Enquanto Eleazar e sua família estão na Irlanda, e mesmo durante a travessia do oceano, o estilo é muitas vezes melodramático e há a insuportável Cora, filha do protagonista, mas ELEAZAR parece que não vai fazer tão feio ao lado das obras mais antigas de Tournier (embora eu não seja muito fã delas, preciso confessar): Sexta-feira ou Os limbos do Pacífico ou Gaspar, Melchior e Baltazar, a primeira das quais lhe valeu seu prestígio atual.

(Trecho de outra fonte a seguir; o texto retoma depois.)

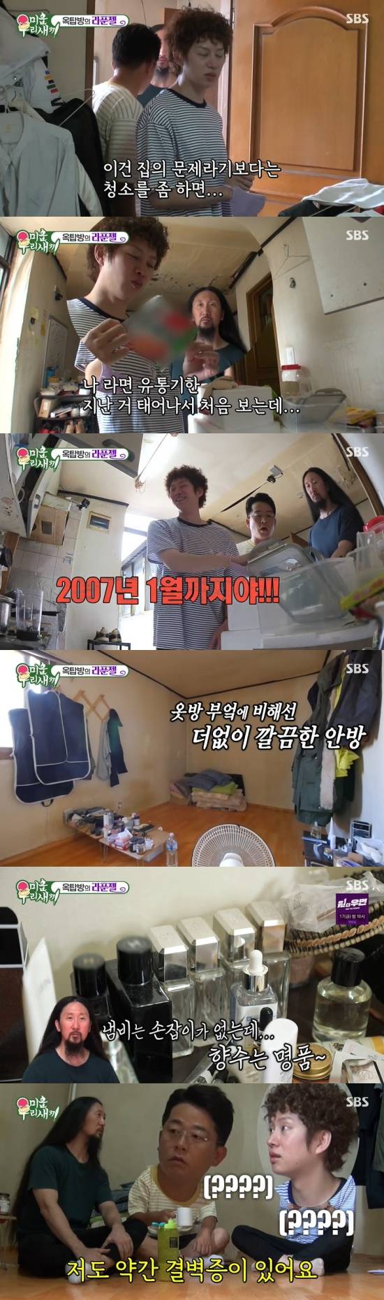 김준호는 "이건 어디 박물관에 넣어야겠다. 이걸 왜 갖고 있냐"라며 웃음을 터트렸다. 찬장에는 유통기한이 2007년 1월까지인 비빔라면도 있었고, 가스레인지 근처에는 기름때가 낀 탓에 벌레 시체가 쌓여 있었다. 영상을 지켜보던 서장훈은 "힘들다"라며 괴로워했다.

O livro segura as pontas até mesmo quando começa a travessia dos EUA, via caravana. Porém, quando a família vaga sozinha no deserto, tudo desanda. Parece que Tounier rascunhou suas idéias e o texto foi copidescado por Paulo Coelho. ELEAZAR  é a prova de que nosso mago realmente faz um sucesso estrondoso na França, tendo alcançado até o vilarejo de Choisel, onde Tournier vive há 40 anos. Pois, sem essa hipótese, como entender o ridículo diálogo entre Eleazar e Serpente de Bronze, o chefe índio que aparece no livro, como apareceria num episódio de Arquivbs X, com seus homens e diz coisas do tipo: “A serpente pode ser venenosa ou contristora. Se for venenosa, mata com um beijo. Se for contristora, mata com um abraço. A primeira é apenas uma boca; a segunda, um braço. Mas sempre mata com um gesto de amor… a vocação da serpente é a inversão maligna”!!!??? Talvez com preguiça de escrever um texto para ser interpretado pelos leitores, Tournier escreveu-o com os próprios personagens já interpretando a si mesmo, suas motivações e seus símbolos. O tempo hoje em dia é valioso, o negócio é poupar trabalho a quem lê.

Pior ainda é a inclusão de José, jovem bandido piegas, na família. Evidentemente, ele será o Josué de Eleazar-Moisés, e fará com que ela entre na Terra Prometida. Antes, porém, ele tem de passar por uma hilariante cena com a personagem que, desde o início, estava fadada a afundar o livro: antes de se juntar à família, ele pensa em assaltá-la com seus comparsas. Há um cão que acompanha a família, Bluet, o qual inexplicavelmente segue José nas suas incursões pelo deserto para tramar com seus companheiro. Cora (que o autor deste artigo imagina como uma mistura das igualmente intragáveis meninas de O piano & Entrevista com o vampiro) diz a José: “Eu sei quem você é, Bluet me contou tudo”!!!??? Isso é o que se pode chamar de comunicação com os bichos! Nem as personagens de Isabel Allende chegaram a tanto. Talvez Cora seja uma mini-Brida?

Coelhices à parte, o fato é que ELEAZAR é uma parábola pobre. Será que este fiasco do autor francês mais respeitado da atualidade não espelha a triste decadência da literatura francesa?